Your camera and shooting ratio also affects how long you’ll spend ingesting video into your edit suite to begin post-production. RAW formats like those used by RED, ARRI (when optionally shooting ARRIRAW), and even H.264 formats like DSLRs and AVCHD cameras can have long post-processing requirements. For many workflows you’ll want or need to convert your footage before you can begin editing, which can significantly extend your post-production timeline.
Different content lengths also allow for different on-set decisions. For example, say you’re doing a shoot in a commercial space, and there’s some signage in the background that you don’t want included. On a 30-second shoot, “fixing it in post” may be the most economical solution – some quick roto work on a clip that’s only a fraction of your overall commercial may actually take less time than negotiating to change the signage and then sending a grip to do the work.
Once you’ve actually made the decision about the length of the content, and you’re sure everyone is on the same page, you can start making choices based on that knowledge. But if you don’t have the conversation during pre-production, you’ll bear the consequences for the rest of the shoot.
Tuesday – 06/19/12
HOW WILL THE VIDEO BE DELIVERED?
Modern content is often viewed on everything from a 3-inch cell phone screen to a 65-inch LCD television. Choices made during the production process directly influence those viewing experiences.
While you rarely have complete control over the environment in which your content is being viewed, you can develop a simple priority list to optimize your shoot. If you’re shooting a webisode which will primarily be delivered via YouTube, you know an awful lot about the viewing environment. You know that the content will be viewed in a relatively small format, with a lot of compression, and likely in a less-than-pristine viewing environment.
How can you use that knowledge? Let’s break it down a bit further.
Size. If the primary viewing experience will be a small video window on a webpage, you shouldn’t compose shots that require viewers to notice minute elements. Don’t expect the viewer to read the handwritten note that character is writing – find a different way to tell that part of the story.
Compression. While web video is a lot better than it was even a few years ago, it’s still more compressed than a typical BluRay or broadcast experience. You can make simple choices throughout the production process to account for that. For example, avoid highly random images – images which look like “noise” or “snow.” That gorgeous shot of rippling water in the sunset is going to become a flickering compression artifact, which doesn’t quite convey the same emotion. Someone viewing your content over a cellphone connection will likely see an even more heavily compressed version – will they be able to understand the core message you’re trying to convey, even if they’re losing lots of fine detail? Remember that you often don’t control the compression process for web video, so you need to make choices based on worst-case scenarios.

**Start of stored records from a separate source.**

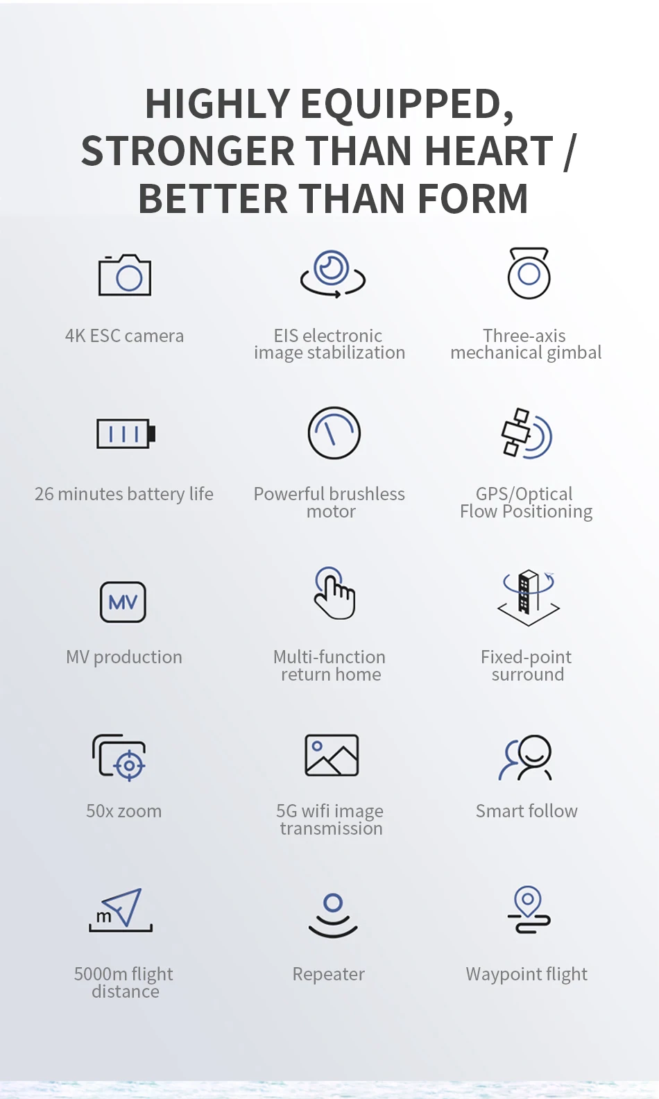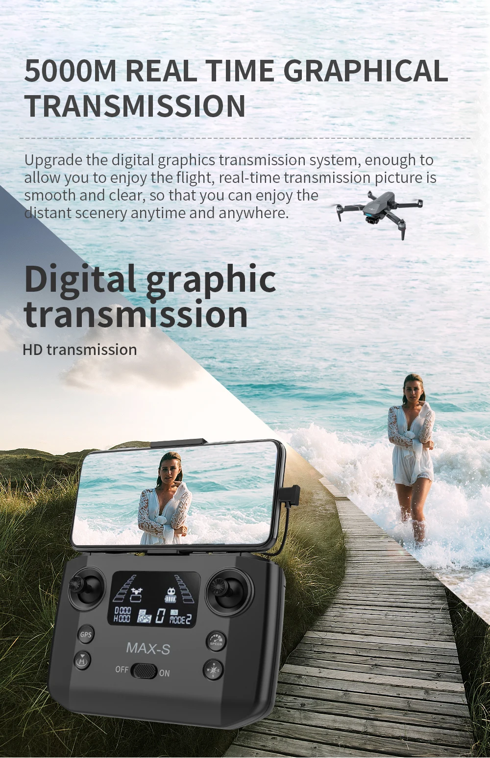 - Upgraded 5G + Digital Image Transmission System provides smooth and clear real-time transmission images, allowing you to enjoy the view from afar anytime, anywhere.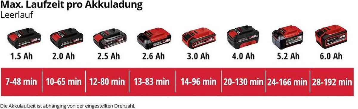 Avec le puissant système de batterie Einhell Power X-Change, vous pouvez utiliser une batterie pour plus de 250 produits différents. Power X-Change vous offre la possibilité de combiner tous les différents produits et machines de cette gamme de produits. De la perceuse à la tondeuse à gazon et de la tronçonneuse à l’aspirateur ; avec une batterie Power X-Change, vous fournissez à vos appareils préférés la bonne puissance. Vous travaillez ici avec un seul type de batterie de 18 volts, avec les machines plus lourdes vous pouvez en combiner deux et utiliser du 36 volts. Si vous possédez cette batterie, vous pouvez connecter tous les appareils Power X-change à cette batterie. De plus, vous n’avez plus à vous soucier des câbles d’alimentation et vous profitez de la liberté sans fil avec le système de batterie Einhell.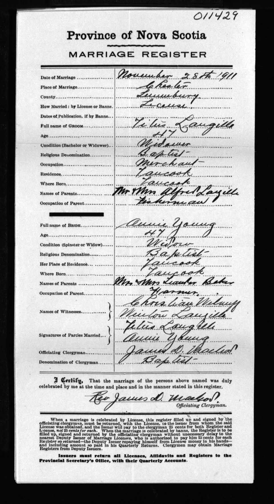 Registration: Year: 1911 number: 11429

Viewing environment. Chances are pretty good that your webisode will be viewed in an office environment. Because the viewer is supposed to be Maximizing Shareholder Value rather than watching your video, they won’t want to turn their speakers up too loud to hear your audio. So minimize the amount of dynamic range – the difference between the loudest elements and the softest elements. By controlling your dynamic range, you ensure that your viewer isn’t constantly turning the volume up to hear a whisper, and then during it down to avoid startling the whole office during an explosion.
Other deliverables have their own requirements throughout the production process. Make sure you’ve got as many details as possible early on, so that you can deliver the best possible experience for your most important viewers.
Wednesday – 06/20/12
HOW MUCH CONTENT ARE YOU DEALING WITH?
In the days of film- or tape-based acquisition, it was standard practice to keep a tape log during the shoot. Start and end times for every take would be recorded, along with notes about the shot, performance, and whether or not it was a “keeper.” File-based acquisition has, for many shooters, made logging a thing of the past. Since you don’t have to scrub back and forth during ingest, marking in- and out-points and waiting for lengthy batch captures, the logging process often ends up taking place inside the NLE, once all the clips from the day have been imported.
This is generally pretty stupid.
While there certainly are “run and gun” sorts of shoots in which logging isn’t an option, this is rarely the case. The multitude of apps for tablets and smartphones to simplify the logging process removes a lot of the excuses. And the reality is that good logs pay dividends for the rest of the shoot.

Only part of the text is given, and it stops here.